Abstract

e13094 Background: OS of pts with HR+ve/HER2-ve MBC has improved with CDK4/6i and endocrine therapy. Fulvestrant (FUL) works post progression on aromatase inhibitors in an endocrine resistant cohort. Ealcestrant (ELA) improves PFS compared to FUL in pts with an ESR1 mutation. This retrospective analysis looks at the trends in use of and associated outcome with FUL and ELA among pts with HR+ve/HER2-ve MBC. Methods: We utilized a federated network of de-identified health data representing approximately 135 million pt lives available through the TriNetX Research Network.
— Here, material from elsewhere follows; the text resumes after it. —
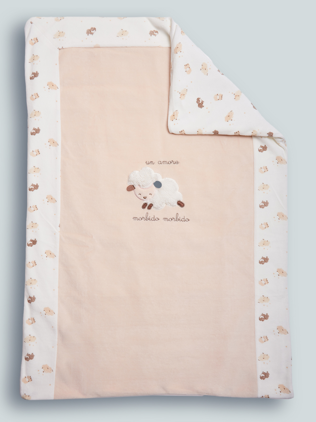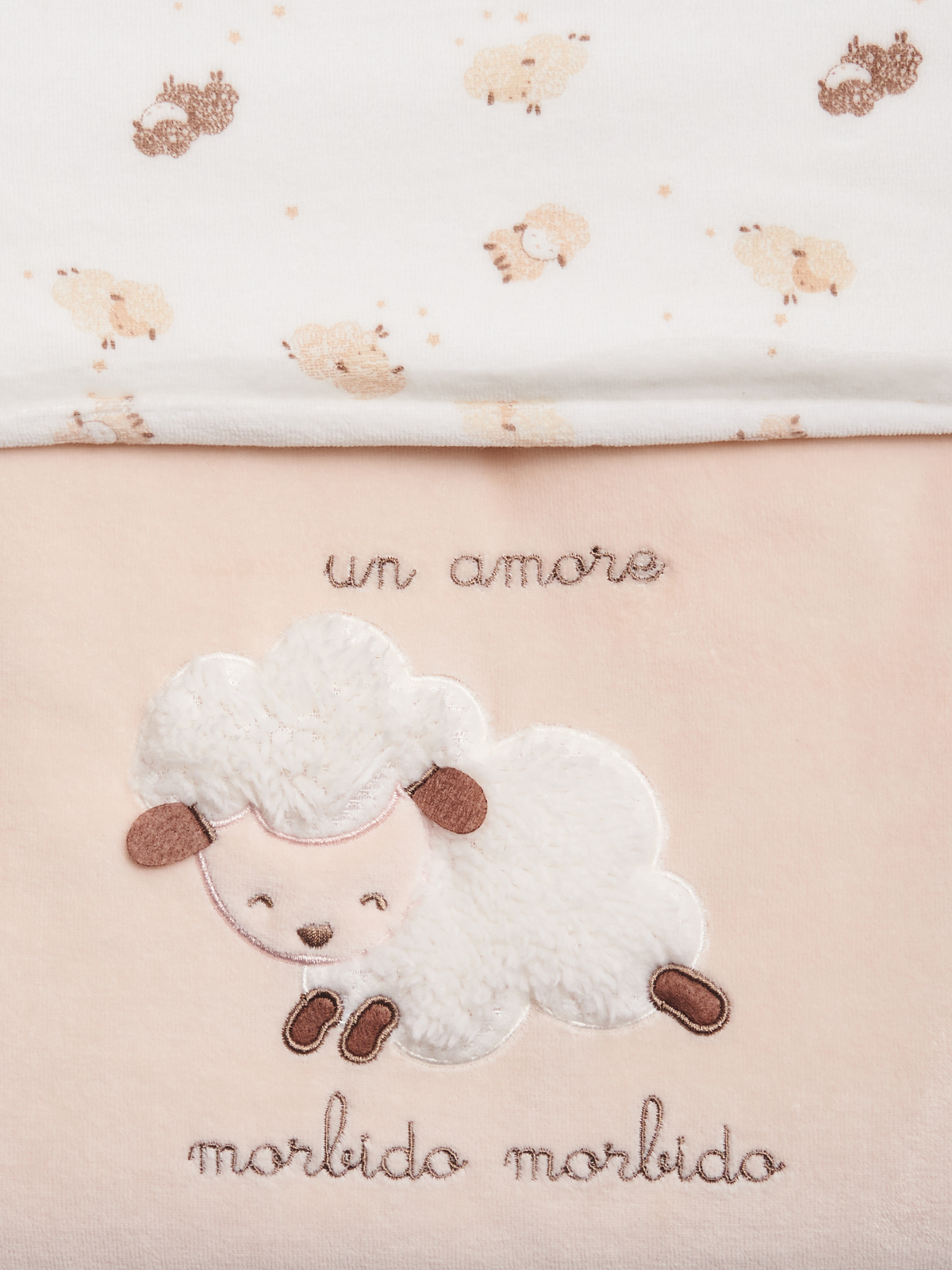 Calda copertina con la quale il tuo piccolo/a si sentirà protetto durante i suoi riposini. Tessuto morbida ciniglia. Elemento decorativo: tenera grafica ricamata riproposto su altri articoli newborn neonato. Particolarità dell’ articolo: sacco imbottito estraibile. Dimensioni dell’articolo: 82 x 60cm. Questo accessorio fa parte del corredino composto da tutti gli articoli indispensabili per il tuo neonato.

We identified 14,387pts with HR+ve/HER2-ve MBC treated with endocrine therapy and CDK4/6i diagnosed between Nov 2018 - Nov 2023. OS was computed using the Kaplan Meier product limit method. Results: Mean age was 66 yrs. 5,736(39.9%) pts received FUL and 143(1%) pts ELA. In 2023 median time to use of FUL was 16m to 18m from metastases and median time to use of ELA decreased with time from 50m to 28m. Among pts who received ELA 65% received CDK4/6i for > 12m, 47% received FUL prior ELA, 7% received FUL after ELA. 5-yr OS of the whole cohort was 56.9%. 5-yr OS among pts who did and did not receive ELA was 85.4% and 60.0% respectively (HR 0.28, 95%CI 0.15-0.49, p<0.0001). 5-yr OS among pts who did and did not receive FUL w/o ELA was 61.5% and 60.9% respectively (HR 0.87, 95% CI 0.81-0.94, p<0.0001). 5-yr OS was 85.4% and 52.4% among pts who received ELA and FUL w/o ELA respectively (HR0.23, 95% CI0.14-0.41, p<0.0001). 5-yr OS was 88.7% and 67.9% among pts who received ELA and FUL w/o ELA respectively for > 3m (HR 0.29, 95% CI 0.05-1.145, p=0.11). Among pts who received CDK4/6i > 12m 5-yr OS was 86.0% and 64.9% among pts who received ELA and FUL w/o ELA respectively (HR 0.36, 95% 0.20-0.67, p = 0.0007). Among pts who received ELA 1-yr OS from the start of ELA was 86.0% and 33.3% among pts who received CDK4/6i>12m and < 12m respectively (p=0.72). Conclusions: To our knowledge this is the first real world data set to show the efficacy of ELA among pts with HR+ve/HER2-ve MBC who had progressed on endocrine therapy and CDK4/6i. Our results show decreasing time to use of ELA with improved outcome compared to FUL especially among pts who received CDK4/6i for > 12m. We continue to collect data among pts who are receiving ELA and expect over 200pts at the time of the presentation.